_EXTRACTED MATERIAL_
-=-=-

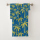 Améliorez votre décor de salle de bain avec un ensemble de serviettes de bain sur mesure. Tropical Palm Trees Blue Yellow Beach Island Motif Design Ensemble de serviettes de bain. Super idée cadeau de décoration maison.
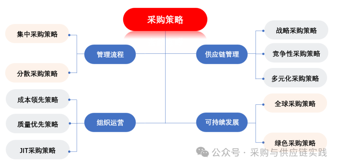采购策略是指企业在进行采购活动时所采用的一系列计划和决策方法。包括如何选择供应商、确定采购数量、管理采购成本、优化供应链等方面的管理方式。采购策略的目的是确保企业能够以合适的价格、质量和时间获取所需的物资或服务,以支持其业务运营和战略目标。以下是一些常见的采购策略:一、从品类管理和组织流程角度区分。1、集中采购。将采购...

-=-=-

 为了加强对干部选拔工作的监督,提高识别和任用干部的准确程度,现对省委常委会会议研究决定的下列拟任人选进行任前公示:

-=-=-

_DIRECTIONS_
Using the records above, print exactly the lines between the ones containing "Améliorez votre décor" and "采购策略是指企业在进行采购活", inclusive, and nothing else; no pictures.

_RESULT FOR THIS EXERCISE_
 Améliorez votre décor de salle de bain avec un ensemble de serviettes de bain sur mesure. Tropical Palm Trees Blue Yellow Beach Island Motif Design Ensemble de serviettes de bain. Super idée cadeau de décoration maison.
采购策略是指企业在进行采购活动时所采用的一系列计划和决策方法。包括如何选择供应商、确定采购数量、管理采购成本、优化供应链等方面的管理方式。采购策略的目的是确保企业能够以合适的价格、质量和时间获取所需的物资或服务,以支持其业务运营和战略目标。以下是一些常见的采购策略:一、从品类管理和组织流程角度区分。1、集中采购。将采购...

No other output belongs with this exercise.